Utilizing a filamentous fungus in the gut microbiome may provide a new strategy for treating metabolic dysfunction-associated steatohepatitis (MASH). Researchers have developed an innovative method for cultivating a prevalent gut fungus, Fusarium foetens, which can reverse progression of the chronic metabolic liver disease in mice.
The study, published in Science, was led by Shuang Zhou, PhD, and colleagues at Peking University. Their paper, titled “A symbiotic filamentous gut fungus ameliorates MASH via a secondary metabolite–CerS6–ceramide axis,” describes how this fungus and its secreted metabolite, CerS6, work to reduce disease symptoms.
Metabolic dysfunction-associated fatty liver disease (MAFLD) affects roughly one in four adults globally. Its more advanced form, MASH, can lead to cirrhosis and liver cancer. Despite the condition’s widespread impact, only one approved drug therapy currently exists, resulting in a need for new treatment strategies.

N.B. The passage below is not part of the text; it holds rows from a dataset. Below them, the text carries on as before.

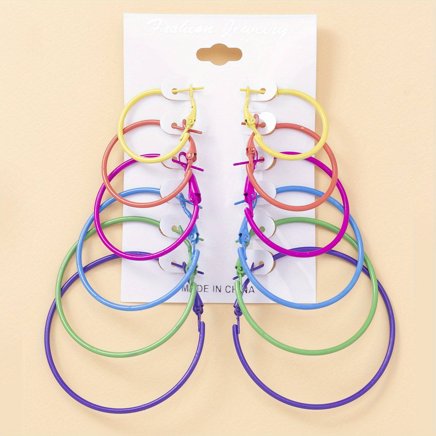 Add a touch of bohemian style to your look with this set of 6 pairs of colorful big circle hoop earrings. Made of durable stainless steel, these earrings are perfect for daily wear and make a great gift for any fashion-conscious female.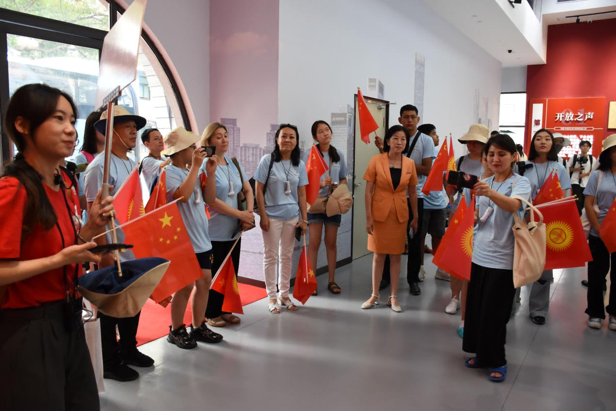 来自吉尔吉斯斯坦、乌兹别克斯坦的营员参观福州教育国际化探索与实践主题展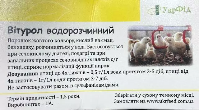 Застосування: в організмі птиці Витурол (Уровіт) знижує активність бар'єрів міжклітинних мембран, внаслідок чого продукти метаболізму при сечокислому діатезі порівняно легко виділяються з організму. Формальдегід, що звільняється в кислому середовищі діє як дезинфікант на слизові оболонки сечовивідних шляхів і сприяє нормалізації функції нирок.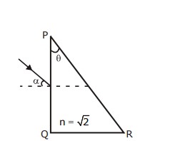 A parallel beam of light is incident from air at angle $\alpha$ on the side PQ of a right angled triangular prism of refractive index $n=\sqrt{2}$. Light undergoes total internal reflection in the prism at the face PR when $\alpha$ has a minimum value of $45^{\circ}$. The angle $\theta$ of the prism is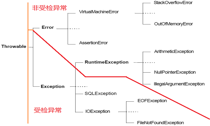 2.非受检异常:是程序中可以不接受检查和处理,或致命性错误异常,由RuntimeException类或Error类表示。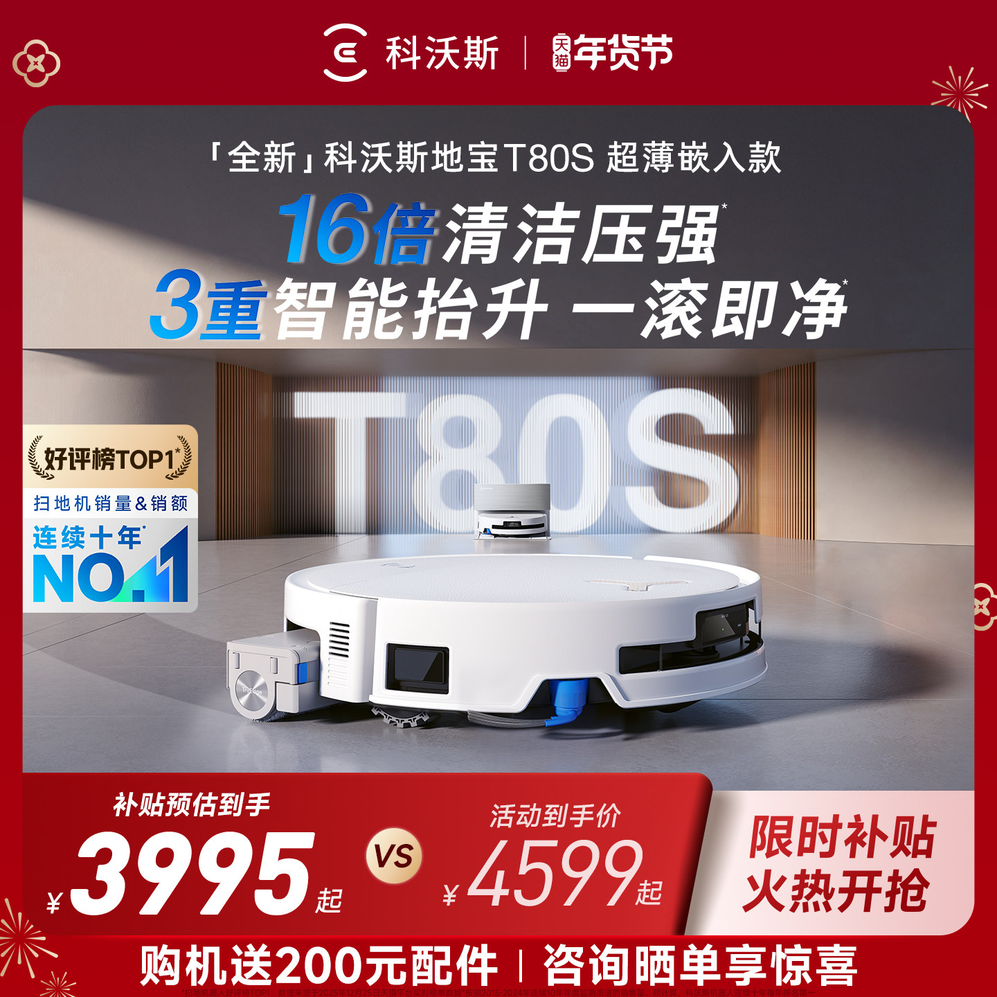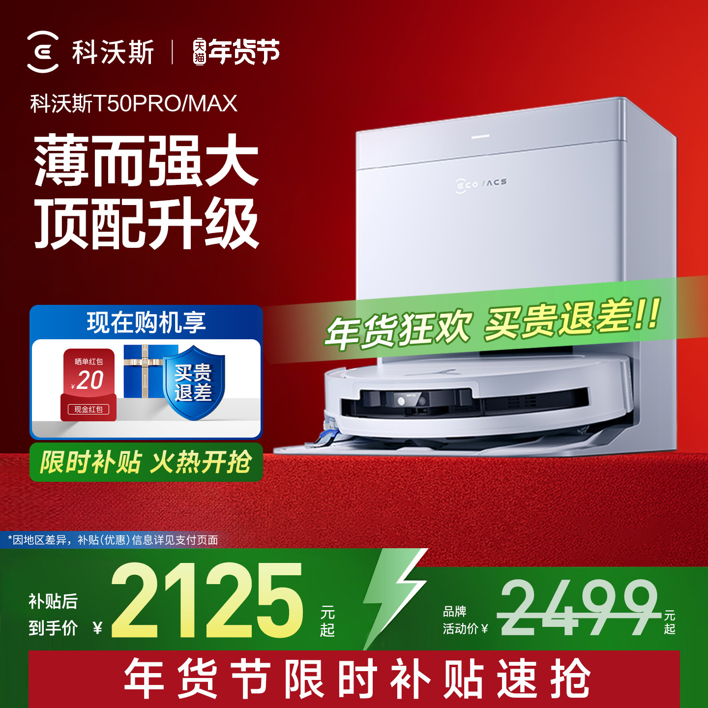 【年货节】科沃斯T50PRO/T50MAX全自动扫地拖地机器人超薄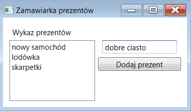 Zamawiarka Prezentów - można zamówić prezent u św. Mikołaja, wykorzystanie ListBox oraz DispatcherTimera (w celu wprowadzenia opóźnienia pokazania MessageBoxa),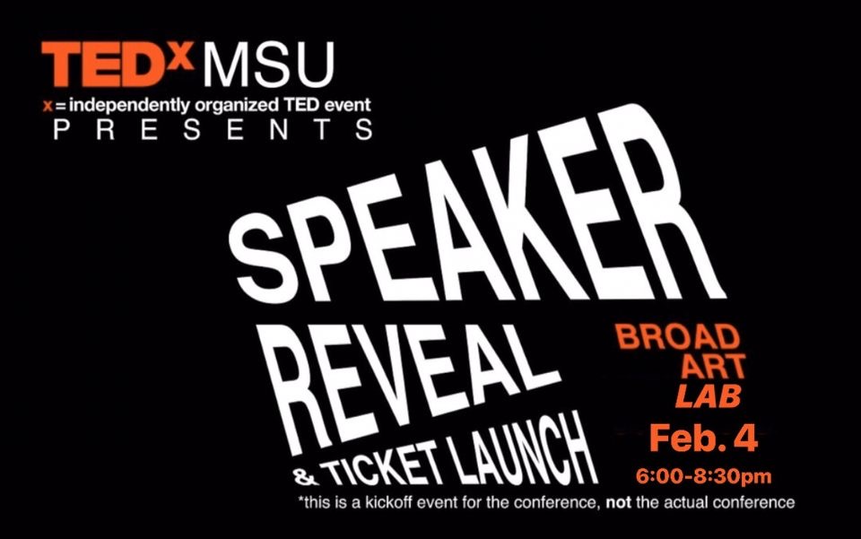Tomorrow is our SPEAKERS MEET AND GREET!!! Come meet the speakers for our 2020 TEDx CONFERENCE in March!!! The event is at the broad art LAB on grand river from 6 - 8:30 pm!! Please come out to support our kickoff event for the conference!!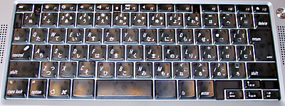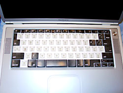 とにかくすべての点で気に入っているPowerBook G4だが、キートップのかな表記だけは許せないのである。 |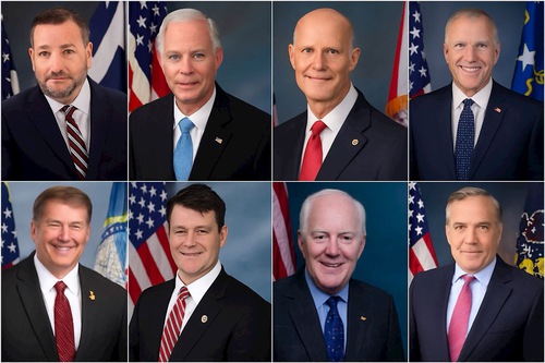 Senatori promotori della Legge sulla protezione del Falu Gong(S.817) (da sinistra a destra e dall'alto verso il basso): promotore, il senatore repubblicano del Texas Ted Cruz; co-promotori: Senatori Ron Johnson (Wisconsin), Rick Scott (Florida), Thom Tillis (North Carolina), Mike Rounds (South Dakota), Todd Young (Indiana), John Cornyn (Texas) e David McCormick (Pennsylvania).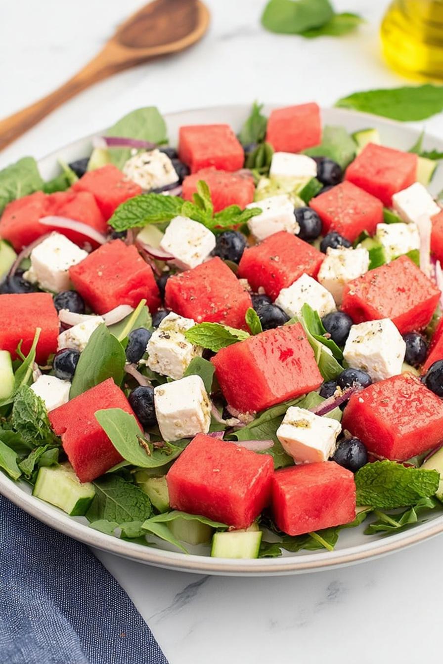 - Swapped watermelon with cantaloupe here for less watery bite and richer aroma. Blueberries stay because their slight tartness cuts through the sweet plus salinity. Feta crumbled—not cubed, so you get contrast rather than uniform cheese blocks. If cucumber is watery, scoop seeds out first to prevent salad dilution. Dressing ratio flexible—more oil for smoothness, more acid for zing. Honey optional based on how ripe and sweet fruit is. Mint elevates freshness drastically but can be left out if unavailable.

While the bacterial microbiome has often been the center of gut research, the Chinese researchers turned their attention to gut fungi, whose role in metabolism remains poorly understood and not well studied.
“Of microbial factors that influence human health, gut bacteria are the most highly relevant for metabolic diseases,” wrote the authors. “Although fungi are increasingly recognized as important members of the gut community, the role of fungal symbionts in host health and diseases and the underlying molecular mechanisms are still unknown.”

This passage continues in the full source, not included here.